Despite enjoying a boosted profile thanks in part to a supposed copycat performer on last year's Britain's Got Talent, Frisky & Mannish are hard to describe succinctly. "Pop songs with a twist" was the best I could manage outside the venue when a curious attendee asked, but this duo absolutely needs to be seen to be understood, and there really aren't many better ways to spend an hour at this or any other Fringe.
There is a pre-requisite though: you should probably have a(n un)healthy interest in pop music, or at the very least have heard a lot of it; if not, some of the hysterically inventive set pieces of the evening may well pass you by. That seems to happen in ‘Pop Centre Plus', when an extended sequence focusing on Cheryl Cole's mimed X Factor performance of her (#1 but largely forgotten) single Promise This is met with far less laughter than it deserves. Although the incredibly talented pair is chiefly concerned with and interested in the most plastic pop, this muted reaction suggests that they might almost, somehow, be a little niche.

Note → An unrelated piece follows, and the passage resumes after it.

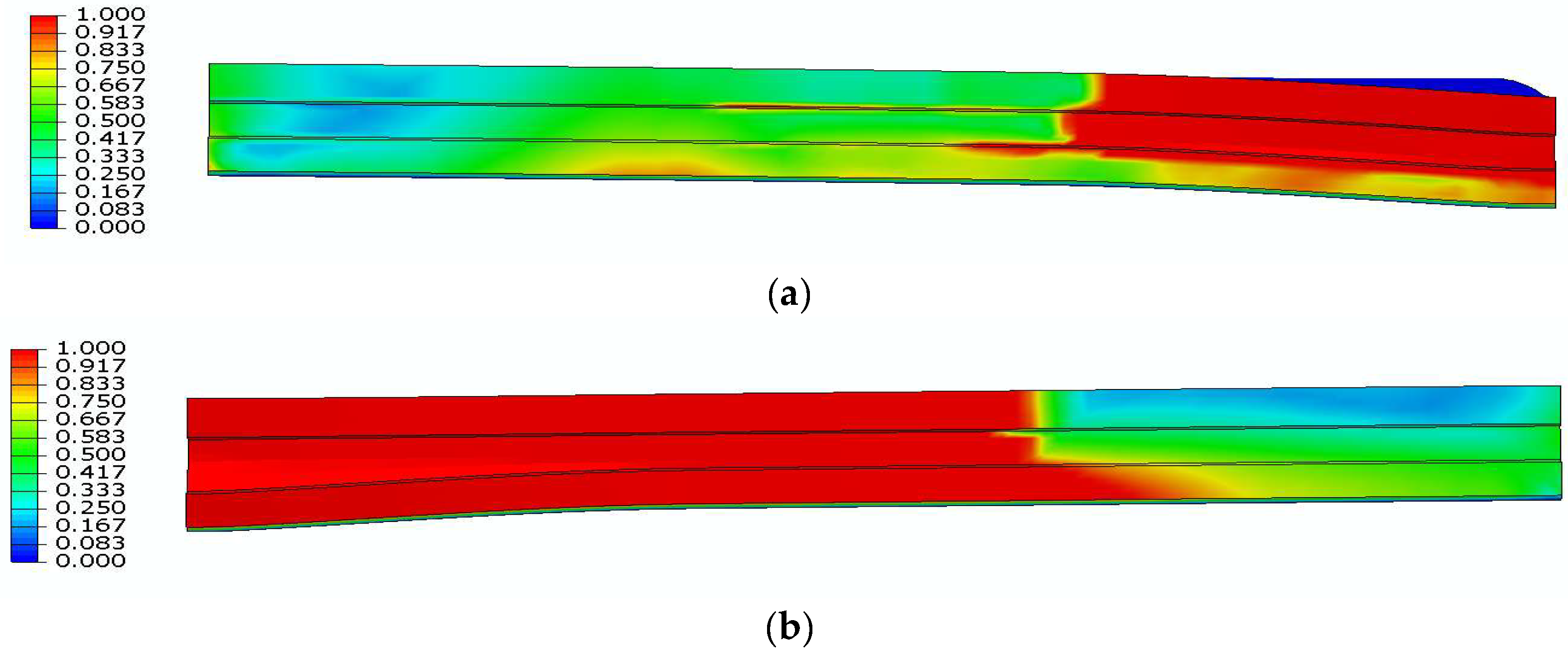 The failure mechanism consists of two components: a damage initiation criterion and a damage evolution law. Prior to damage, cohesive behavior follows a linear traction-separation law. As the bond stiffness progressively degrades, bond failure arises. Damage initiation marks the onset of degradation in the cohesive response at the contact interface. Following damage initiation, the cohesive stiffness undergoes gradual degradation, described by the damage evolution process. This process can be specified using either the total fracture energy or the post-damage initiation effective separation at failure. The scalar damage variable D represents the overall damage at the contact point, evolving from 0 to 1 as loading progresses. This evolution was modeled using a linear softening law based on effective separation. Bond failure in ABAQUS can be tracked using two output variables: the maximum contact stress damage initiation criterion (CSMAXSCRT) and the damage variable for cohesive surfaces (CSDMG). Damage initiation is considered to occur when the first variable reaches a value of 1, and full debonding is assumed to take place when the second variable also reaches unity.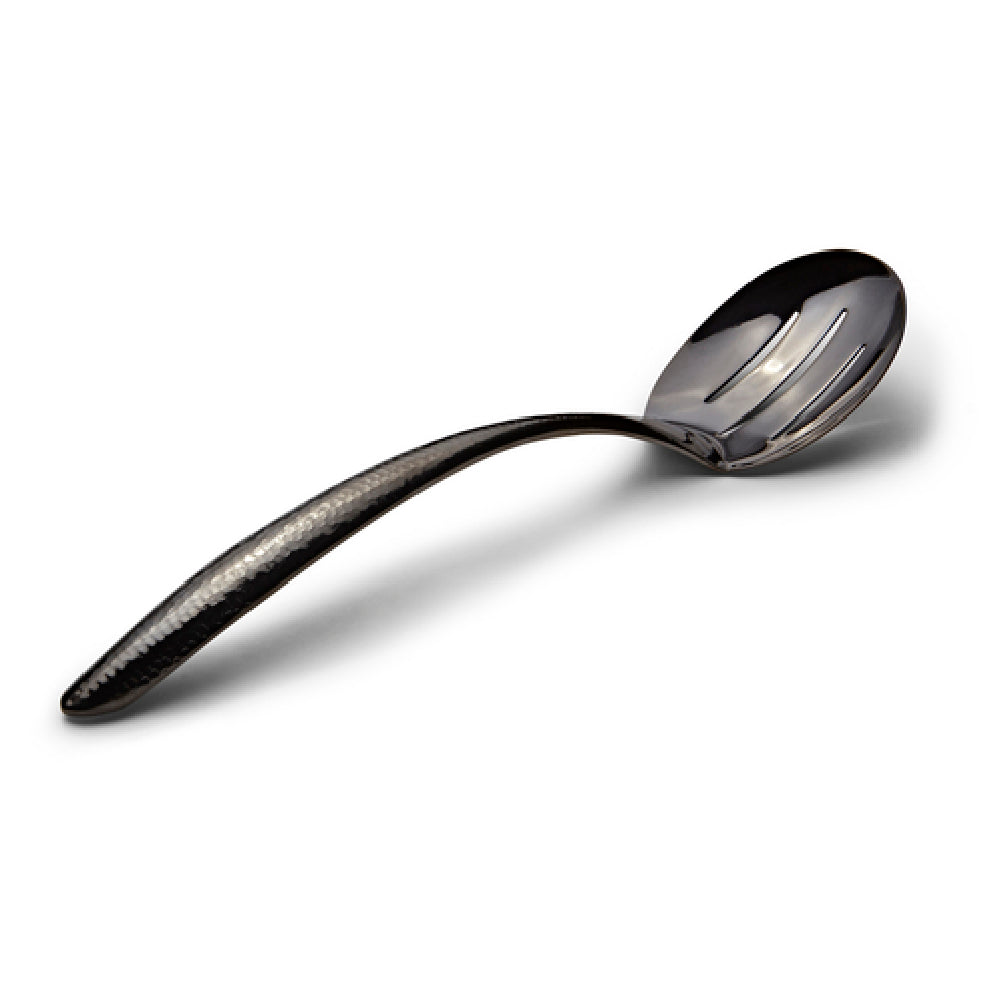 The Bon Chef 9458HFB EZ Use Banquet Serving Spoon 13-1/2" Slotted is a versatile and elegant utensil crafted for high-performance in the hospitality industry. This serving spoon is designed with a length of 13-1/2 inches, making it ideal for use in banquet settings where serving efficiency is paramount. Featuring a slotted design, it allows for precise serving of dishes with sauces or liquids, draining excess fluid for optimal presentation. The spoon is constructed from 18/8 stainless steel, renowned for its durability and resistance to corrosion, ensuring long-lasting use in demanding environments. Its PVD-coated black finish not only enhances its aesthetic appeal but also provides an additional layer of protection against wear. The hammered finish adds a touch of sophistication, making it suitable for upscale dining events. Additionally, the hollow cool handle is designed to remain comfortable to touch, even during prolonged use, enhancing the user experience by minimizing heat transfer. This combination of functional design and high-quality materials makes the Bon Chef 9458HFB serving spoon an essential tool for caterers, hotel banquet services, and high-volume culinary establishments seeking both reliability and style in their serving equipment.

Other numbers go over fantastically well, among them a grime re-working of Carpenters' Top of the World and a riotously enjoyable Bee Gees-ified version of Rihanna's Rude Boy. Across the hour, there is audience participation, pop groups are formed, named and photographed, and everyone is sent out happy by some nursery rhymes done in the style of Girls Aloud. While anyone can and most likely will enjoy the show, those who have built up a lifetime's worth of heretofore useless pop knowledge might well find themselves exploding with joy.